Existing FR-IQA methods can be historically divided into two categories according to top-down and bottom-up design philosophies, where the former attempts to model the overall functionalities of human visual system (HVS) with certain hypotheses, and the latter aims to simulate the processing stages in the visual pathway of the HVS. One mild assumption in FR-IQA is that the distorted image is generated from the reference image which is of pristine quality, such that the perceptual fidelity or similarity can be quantified. Therefore, it is natural to treat the given pristine-quality image as the reference in producing a quantitative score that quantifies the degree of fidelity/similarity.
The following references are referred to throughout this specification, as indicated by the numbered brackets:
The invention in one aspect provides an image quality assessment IQA method, which includes the steps of providing a pristine image as well as a distorted image related to the pristine image, constructing an equal-quality space of the pristine image at feature level, finding, within the equal-quality space, a best reference of a distorted feature of the distorted image, and constructing a pseudo-reference feature of the distorted feature.
In some embodiments, the step of constructing an equal-quality space of the pristine image further includes estimating a near-threshold map of a feature extracted from the pristine image, and constructing the equal-quality space under a guidance of the near-threshold map.
In some embodiments, the step of estimating a near-threshold map of a feature extracted from the pristine image, further includes predicting the near-threshold map based on a global spatial correlation map and a local spatial correlation map.

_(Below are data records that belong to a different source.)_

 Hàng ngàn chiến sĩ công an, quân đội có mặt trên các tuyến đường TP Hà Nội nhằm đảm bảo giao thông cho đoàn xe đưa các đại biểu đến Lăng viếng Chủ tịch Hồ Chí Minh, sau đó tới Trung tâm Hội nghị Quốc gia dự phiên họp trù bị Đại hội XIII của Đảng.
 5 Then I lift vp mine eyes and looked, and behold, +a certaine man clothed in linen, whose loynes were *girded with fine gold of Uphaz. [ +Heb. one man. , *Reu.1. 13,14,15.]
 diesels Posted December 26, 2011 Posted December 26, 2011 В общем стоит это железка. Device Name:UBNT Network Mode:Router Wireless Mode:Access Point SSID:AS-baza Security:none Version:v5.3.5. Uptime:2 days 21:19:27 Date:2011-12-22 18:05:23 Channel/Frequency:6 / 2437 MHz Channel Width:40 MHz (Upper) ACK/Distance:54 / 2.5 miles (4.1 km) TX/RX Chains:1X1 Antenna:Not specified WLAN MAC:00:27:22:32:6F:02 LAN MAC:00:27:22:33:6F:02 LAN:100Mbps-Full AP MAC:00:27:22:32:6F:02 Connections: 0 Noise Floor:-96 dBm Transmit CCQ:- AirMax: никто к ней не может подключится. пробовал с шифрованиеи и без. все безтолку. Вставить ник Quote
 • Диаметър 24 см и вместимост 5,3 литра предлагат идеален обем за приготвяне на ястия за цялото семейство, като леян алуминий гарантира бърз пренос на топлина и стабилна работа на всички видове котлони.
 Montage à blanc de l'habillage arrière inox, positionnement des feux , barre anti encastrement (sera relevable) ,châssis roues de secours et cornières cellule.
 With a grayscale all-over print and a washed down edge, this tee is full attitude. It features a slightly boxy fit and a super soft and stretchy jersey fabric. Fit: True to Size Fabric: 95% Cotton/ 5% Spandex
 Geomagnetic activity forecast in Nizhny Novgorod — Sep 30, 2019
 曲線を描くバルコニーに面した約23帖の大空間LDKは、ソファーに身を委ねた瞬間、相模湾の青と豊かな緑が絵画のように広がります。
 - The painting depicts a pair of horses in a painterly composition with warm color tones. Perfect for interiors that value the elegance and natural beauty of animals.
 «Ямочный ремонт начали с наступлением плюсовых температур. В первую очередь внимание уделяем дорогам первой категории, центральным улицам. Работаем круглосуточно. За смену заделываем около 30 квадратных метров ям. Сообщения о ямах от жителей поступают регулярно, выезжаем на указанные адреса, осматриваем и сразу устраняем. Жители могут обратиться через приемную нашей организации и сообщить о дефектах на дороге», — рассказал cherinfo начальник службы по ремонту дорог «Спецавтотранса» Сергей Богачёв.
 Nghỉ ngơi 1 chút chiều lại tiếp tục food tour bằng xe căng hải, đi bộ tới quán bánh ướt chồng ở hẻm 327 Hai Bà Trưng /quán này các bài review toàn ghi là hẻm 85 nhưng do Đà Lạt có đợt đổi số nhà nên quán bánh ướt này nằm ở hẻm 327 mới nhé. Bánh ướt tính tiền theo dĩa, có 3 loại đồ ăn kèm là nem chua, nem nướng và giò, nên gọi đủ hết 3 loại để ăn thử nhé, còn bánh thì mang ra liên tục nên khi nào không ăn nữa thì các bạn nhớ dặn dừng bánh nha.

In some embodiments, the method further includes, before the step of predicting the near-threshold map, the steps of calculating a global standard deviation of the feature extracted from the pristine image, calculating a local standard deviation of the feature extracted from the pristine image; and generating the global and local spatial correlation maps based on the global and local standard deviations.
In some embodiments, the step of finding the best reference of the distorted feature further includes locating the best reference of the distorted feature within the equal-quality space in an element-wise minimum distance search manner.
In some embodiments, the method further contains a step of optimizing the constructed equal-quality space using at least one of a quality regression loss, a disturbance maximization loss and a content loss.
In some embodiments, the step of optimizing the constructed equal-quality space uses all of the quality regression loss, the disturbance maximization loss and the content loss.
In some embodiments, in the step of constructing an equal-quality space of the pristine image, the equal-quality space is constructed using a pre-trained artificial neural network.
In some embodiments, the step of finding the best reference of the distorted feature is performed at every layer of the artificial neural network.
In some embodiments, the method further includes a step of predicting a quality score based on the distorted feature and the pseudo-reference feature.
According to another aspect of the invention, there is provided a non-transitory computer-readable memory recording medium having computer instructions recorded thereon, the computer instructions, when executed on one or more processors, causing the one or more processors to perform operations according to the image quality assessment IQA method as mentioned above.
According to a further aspect of the invention, there is provided a computing system that includes one or more processors, and an memory containing instructions that, when executed by the one or more processors, cause the computing system to perform operations according to the image quality assessment IQA method as mentioned above.
Embodiments of the invention therefore provide FR-IQA methods involving a flexible reference selection. Such methods dedicate to generating the reference feature by finding the best explanation of the distorted feature among an equal-quality space constructed based on a given pristine feature. Even without the ground-truth reference for distorted images with various distortion types, the pseudo-reference feature learning can be optimized.
The foregoing summary is neither intended to define the invention of the application, which is measured by the claims, nor is it intended to be limiting as to the scope of the invention in any way.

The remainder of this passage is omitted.